SUPPLIED INFORMATION:

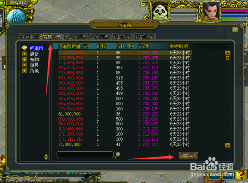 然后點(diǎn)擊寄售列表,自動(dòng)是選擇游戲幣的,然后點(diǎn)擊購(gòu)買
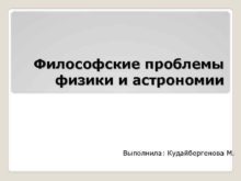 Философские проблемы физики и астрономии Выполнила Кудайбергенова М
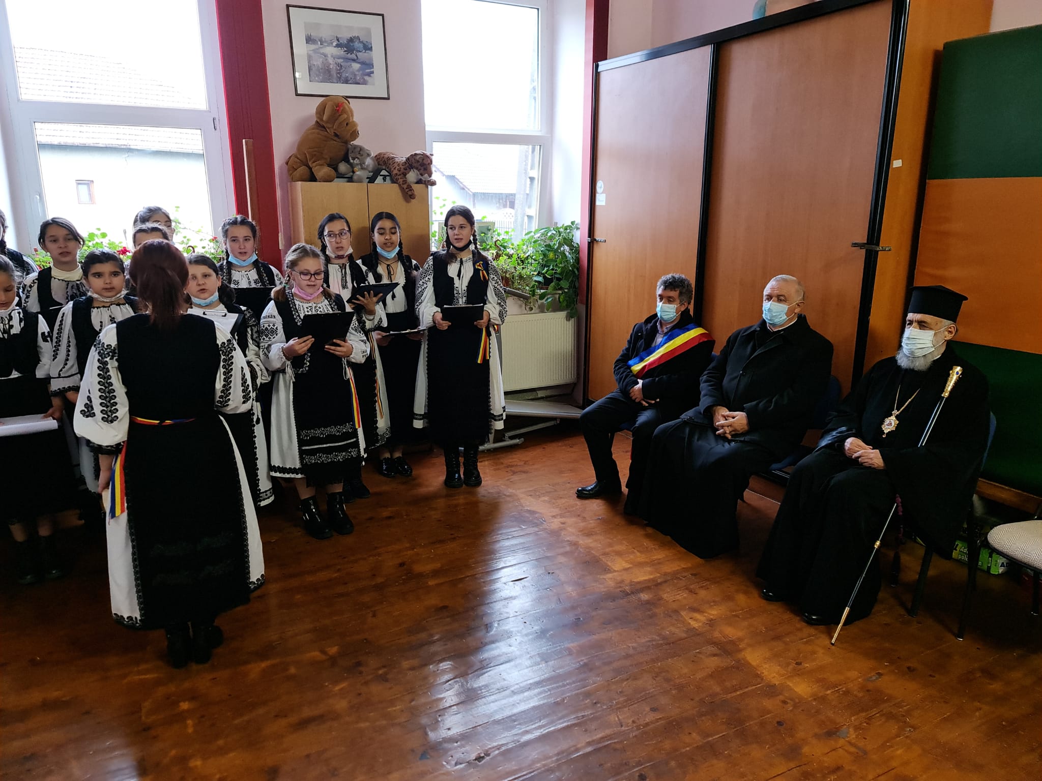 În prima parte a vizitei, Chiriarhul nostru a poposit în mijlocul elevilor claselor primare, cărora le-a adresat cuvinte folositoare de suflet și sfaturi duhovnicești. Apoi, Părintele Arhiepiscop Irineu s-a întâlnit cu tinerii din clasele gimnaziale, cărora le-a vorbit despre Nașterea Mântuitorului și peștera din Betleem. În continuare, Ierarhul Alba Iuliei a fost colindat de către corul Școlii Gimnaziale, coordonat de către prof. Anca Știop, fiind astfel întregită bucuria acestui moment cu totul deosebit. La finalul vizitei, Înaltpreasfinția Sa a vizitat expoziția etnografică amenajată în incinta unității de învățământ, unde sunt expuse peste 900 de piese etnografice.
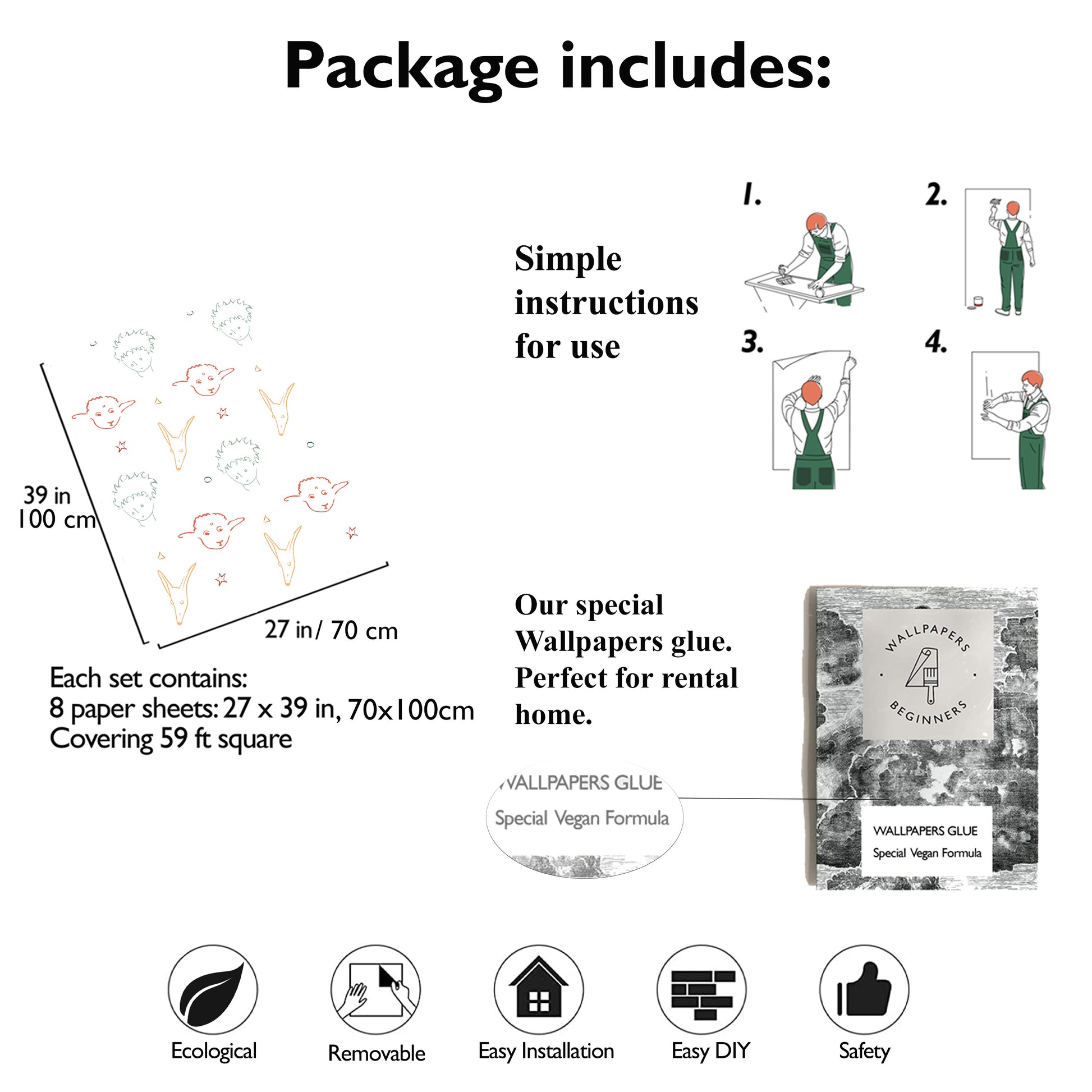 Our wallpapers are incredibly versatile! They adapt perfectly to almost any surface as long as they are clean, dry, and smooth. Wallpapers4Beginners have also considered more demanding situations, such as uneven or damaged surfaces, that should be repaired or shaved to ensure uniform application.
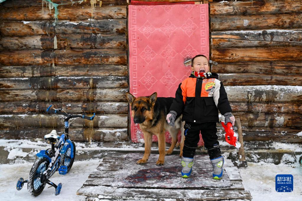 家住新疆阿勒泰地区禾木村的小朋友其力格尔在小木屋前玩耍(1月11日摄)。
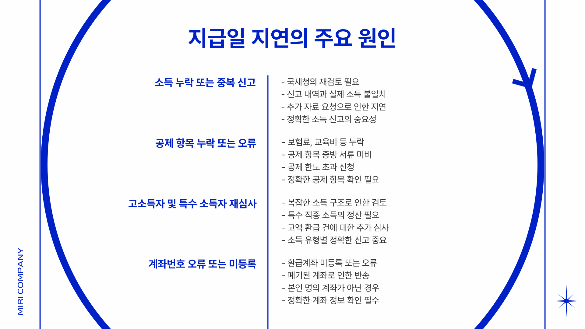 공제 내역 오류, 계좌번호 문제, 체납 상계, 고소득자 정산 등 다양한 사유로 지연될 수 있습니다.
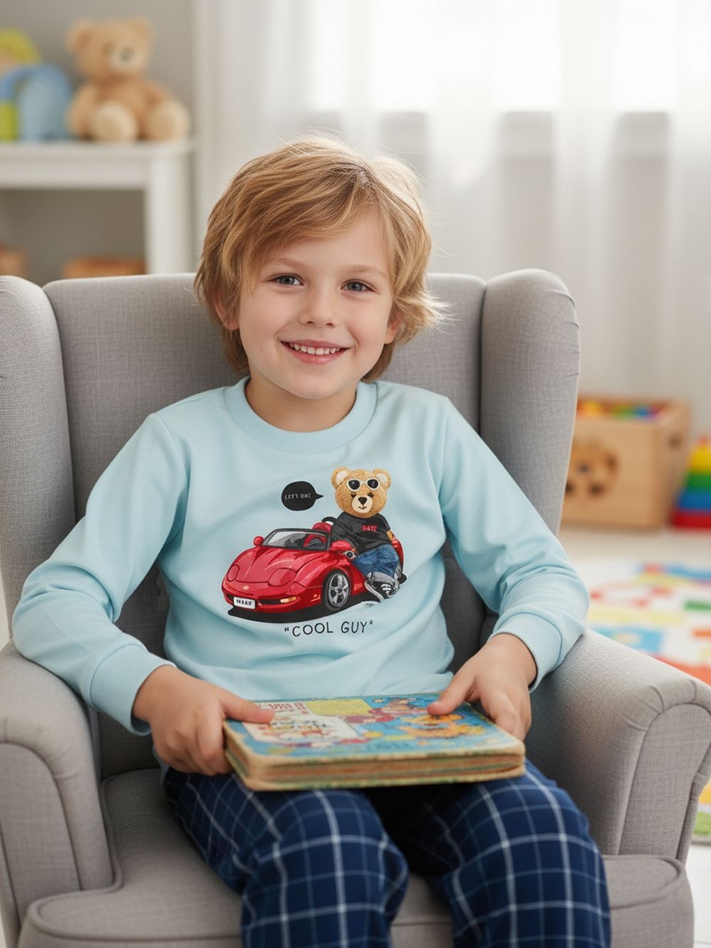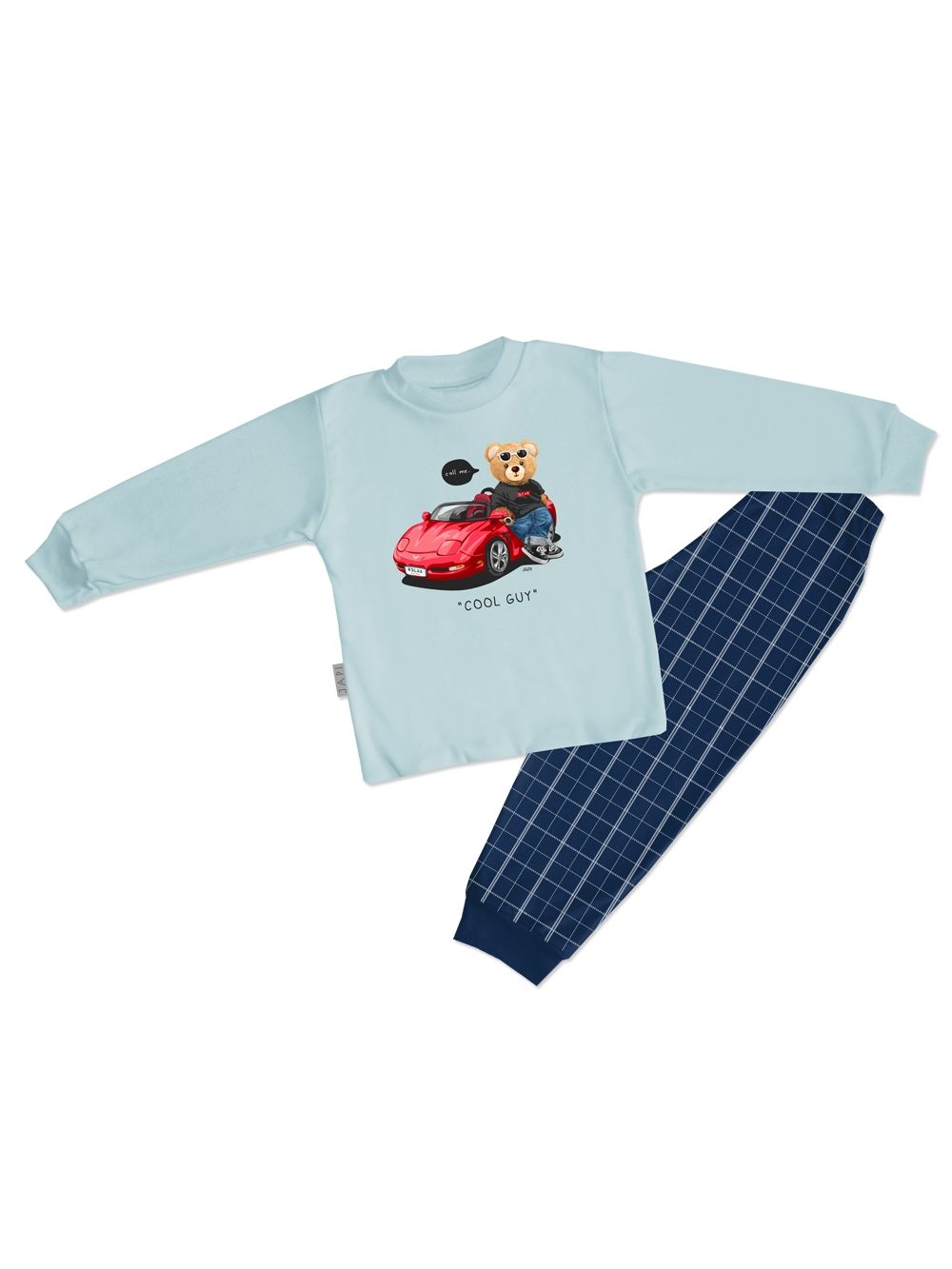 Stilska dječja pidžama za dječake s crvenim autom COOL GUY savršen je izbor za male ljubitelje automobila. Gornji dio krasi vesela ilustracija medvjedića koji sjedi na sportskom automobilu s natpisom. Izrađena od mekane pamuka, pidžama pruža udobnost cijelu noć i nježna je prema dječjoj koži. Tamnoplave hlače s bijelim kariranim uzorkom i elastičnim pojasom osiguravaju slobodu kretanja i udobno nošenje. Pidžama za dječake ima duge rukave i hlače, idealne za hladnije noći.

EXERCISE PROMPT: Repeat the data verbatim through the "Философские проблемы физики" line, no pictures.

RESULT FOR THIS TASK:
 然后點(diǎn)擊寄售列表,自動(dòng)是選擇游戲幣的,然后點(diǎn)擊購(gòu)買
 Философские проблемы физики и астрономии Выполнила Кудайбергенова М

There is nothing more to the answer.